Electric vehicles (EVs) have existed since 1828, but their prevalence in society has been limited until very recently. The electrification of transportation is a trend that is here to stay, and it is creating long-term growth opportunities for investors.

The basic main elements of electric cars are the battery, inverter, controller, and motor. The battery functions as an electrical energy storage system in the form of direct-current electricity (DC). The inverter changes the direct current (DC) on the battery into an alternating current (AC) that is then used by the motor. The controller regulates the electrical energy from the battery and inverter, which is then distributed to the motor. The motor converts electrical energy into mechanical energy, rotating the transmission and turning the wheels.

In addition to these core components, there are several other parts that make up an electric vehicle. These include:

  • A charge port, which allows the vehicle to connect to an external power supply to charge the battery pack.
  • A DC/DC converter, which converts higher-voltage DC power from the battery pack to the lower-voltage DC power needed to run vehicle accessories and recharge the auxiliary battery.
  • A thermal system for cooling, which maintains the proper operating temperature of the engine, motor, and other components.
  • A power electronics controller, which manages the flow of electrical energy from the battery and controls the speed and torque of the motor.
  • A transmission, which transfers mechanical power from the motor to the wheels.

The demand for electric vehicles is expected to grow rapidly, with ownership projected to reach 125 million by 2030. This presents a significant opportunity for investors, particularly in companies that produce electric vehicle parts.

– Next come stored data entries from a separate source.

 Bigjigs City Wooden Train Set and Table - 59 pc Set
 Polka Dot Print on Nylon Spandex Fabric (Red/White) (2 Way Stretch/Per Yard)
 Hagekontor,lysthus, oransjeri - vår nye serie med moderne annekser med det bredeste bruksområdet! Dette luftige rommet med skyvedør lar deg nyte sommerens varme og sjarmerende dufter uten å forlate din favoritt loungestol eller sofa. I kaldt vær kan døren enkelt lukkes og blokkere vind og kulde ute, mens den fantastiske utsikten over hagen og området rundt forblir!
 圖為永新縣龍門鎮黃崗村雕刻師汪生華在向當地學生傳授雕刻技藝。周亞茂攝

Frequently asked questions

An electric vehicle (EV) is a car that is powered by electricity rather than gasoline or diesel.

Electric vehicles are becoming more popular due to government policies encouraging the use of greener vehicles, improvements in battery technology, and the increasing affordability of electric cars.

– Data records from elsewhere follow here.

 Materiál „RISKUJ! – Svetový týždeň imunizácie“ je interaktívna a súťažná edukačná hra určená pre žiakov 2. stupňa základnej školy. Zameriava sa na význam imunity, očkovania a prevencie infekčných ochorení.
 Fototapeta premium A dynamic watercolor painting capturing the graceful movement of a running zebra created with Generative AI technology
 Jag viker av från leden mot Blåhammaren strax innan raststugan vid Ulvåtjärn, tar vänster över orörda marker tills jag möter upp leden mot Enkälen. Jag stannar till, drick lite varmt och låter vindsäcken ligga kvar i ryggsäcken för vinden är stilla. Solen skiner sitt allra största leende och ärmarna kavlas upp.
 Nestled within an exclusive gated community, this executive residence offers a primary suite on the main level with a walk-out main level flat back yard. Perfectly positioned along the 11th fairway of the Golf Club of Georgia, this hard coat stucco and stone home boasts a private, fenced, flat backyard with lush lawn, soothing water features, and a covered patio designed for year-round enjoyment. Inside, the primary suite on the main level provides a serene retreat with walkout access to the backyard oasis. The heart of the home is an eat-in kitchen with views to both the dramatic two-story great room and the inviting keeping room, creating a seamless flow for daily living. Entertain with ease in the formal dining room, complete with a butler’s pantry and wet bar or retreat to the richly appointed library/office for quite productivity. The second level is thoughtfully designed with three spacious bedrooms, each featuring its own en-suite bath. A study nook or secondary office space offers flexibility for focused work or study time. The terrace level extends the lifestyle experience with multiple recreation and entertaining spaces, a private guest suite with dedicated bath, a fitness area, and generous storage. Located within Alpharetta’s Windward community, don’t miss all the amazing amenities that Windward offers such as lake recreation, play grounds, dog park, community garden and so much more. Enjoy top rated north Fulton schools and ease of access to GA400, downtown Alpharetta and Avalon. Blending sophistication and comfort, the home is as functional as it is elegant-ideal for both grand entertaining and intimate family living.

There are several ways to invest in electric vehicles. You can invest in stocks and shares of companies that produce electric vehicles, such as Tesla, General Motors, or Nio. Alternatively, you can invest in funds that have exposure to electric vehicles and related technologies, such as the Baillie Gifford Global Discovery Fund or the Artemis Global Income Fund.

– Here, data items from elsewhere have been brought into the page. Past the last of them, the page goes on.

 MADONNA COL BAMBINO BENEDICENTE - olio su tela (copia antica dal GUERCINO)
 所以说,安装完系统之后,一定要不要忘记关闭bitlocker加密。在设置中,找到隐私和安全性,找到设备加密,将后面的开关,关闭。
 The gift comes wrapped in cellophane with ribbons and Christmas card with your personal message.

Companies can capitalize on the shift to electric vehicles by providing public charge points, either at prime locations where they can charge a premium or at locations where customers dwell for long periods, such as coffee shops at motorway service stations. Utilities, technology companies, and vehicle manufacturers are also well-positioned to enter the space by leveraging their existing capabilities and developing partnerships.

One challenge for electric vehicles is the need for cheaper, lighter, and more powerful batteries to make them more cost-effective. However, this also presents an opportunity for companies to profit from the increase in electric charging infrastructure. Additionally, electric vehicles offer improved efficiency, better performance, and lower maintenance costs compared to traditional gasoline or diesel vehicles.